■ WHAT THE TASK ASKS: Within the lines below, the span from the line with "AG de cheminots dans la filiale SVSA" to the line with "Рис. 3. Ресурсы", both ends included, is to be reproduced exactly, with pictures omitted.

Stored dataset items
-=-=-
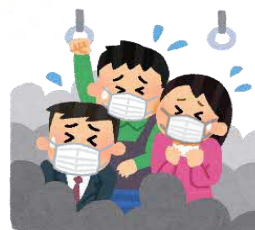
混雑した乗り物の中
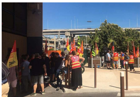
AG de cheminots dans la filiale SVSA
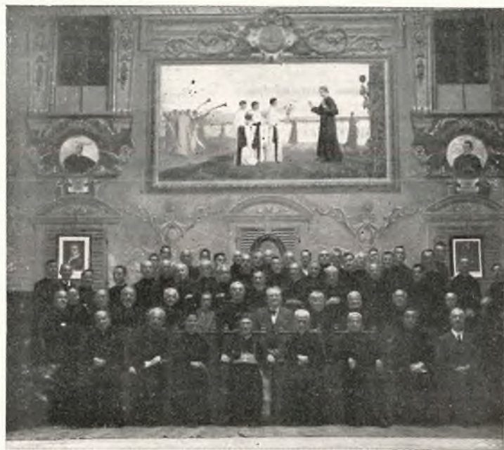
Decurioni intervenuti al convegno di Lanzo Torinese.

Il secondo si tenne, il 13 giugno, a Pinerolo ,
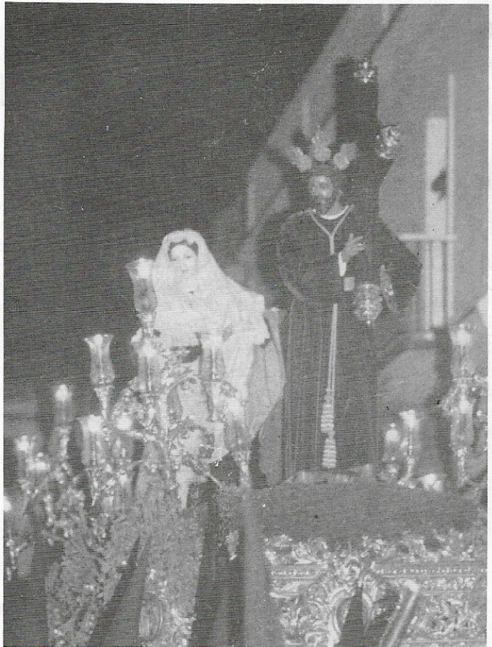
Ntro. Padre Jesús de la Misericordia, en su Estación de Penitencia en 1984.
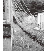
(カーテン設置当初)
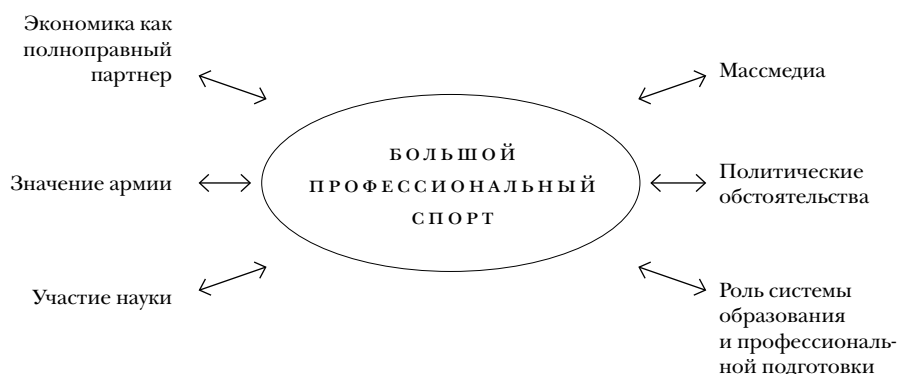
Рис. 3. Ресурсы «Совокупности обстоятельств» (Digel 2001: 247–248)

социальные факторы предопределили именно такой путь распространения спорта в данной стране. Но сначала нужно сказать о преимуществах и рисках такого сравнения наций и культур.
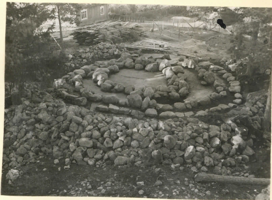
Ler. 15363. Sälvo, Yliristnie- mi, Pellonpää.
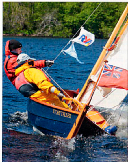
▲ Bas sur l'eau et presque entièrement ouvert, Storyteller connaîtra un raid particulièrement humide!
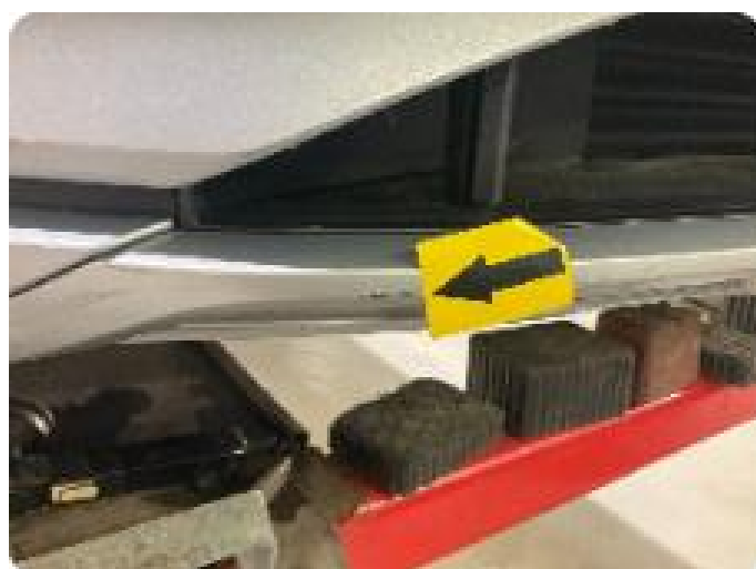
1.4 Ripe ned til grunning
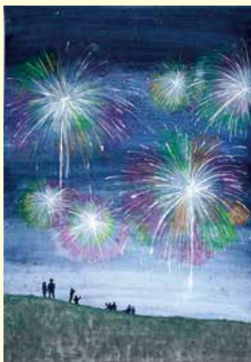
いながき りあ 稲垣 琳愛 利根川大花火大会
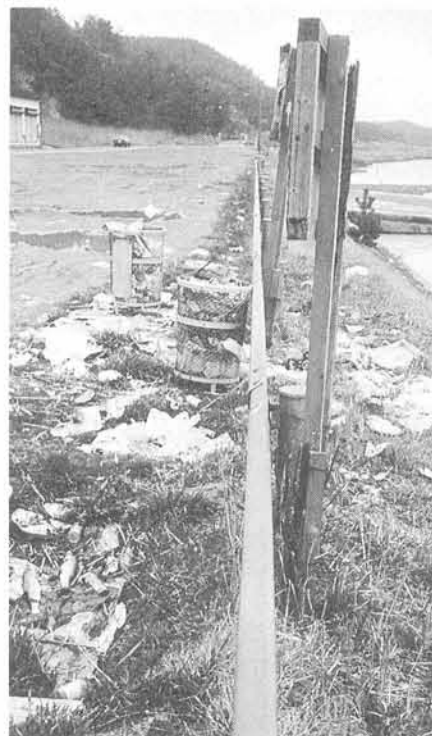
この現状をあなたは……?
-=-=-
■ ANSWER TO THIS EXERCISE:
AG de cheminots dans la filiale SVSA
Decurioni intervenuti al convegno di Lanzo Torinese.

Il secondo si tenne, il 13 giugno, a Pinerolo ,
Ntro. Padre Jesús de la Misericordia, en su Estación de Penitencia en 1984.
(カーテン設置当初)
Рис. 3. Ресурсы «Совокупности обстоятельств» (Digel 2001: 247–248)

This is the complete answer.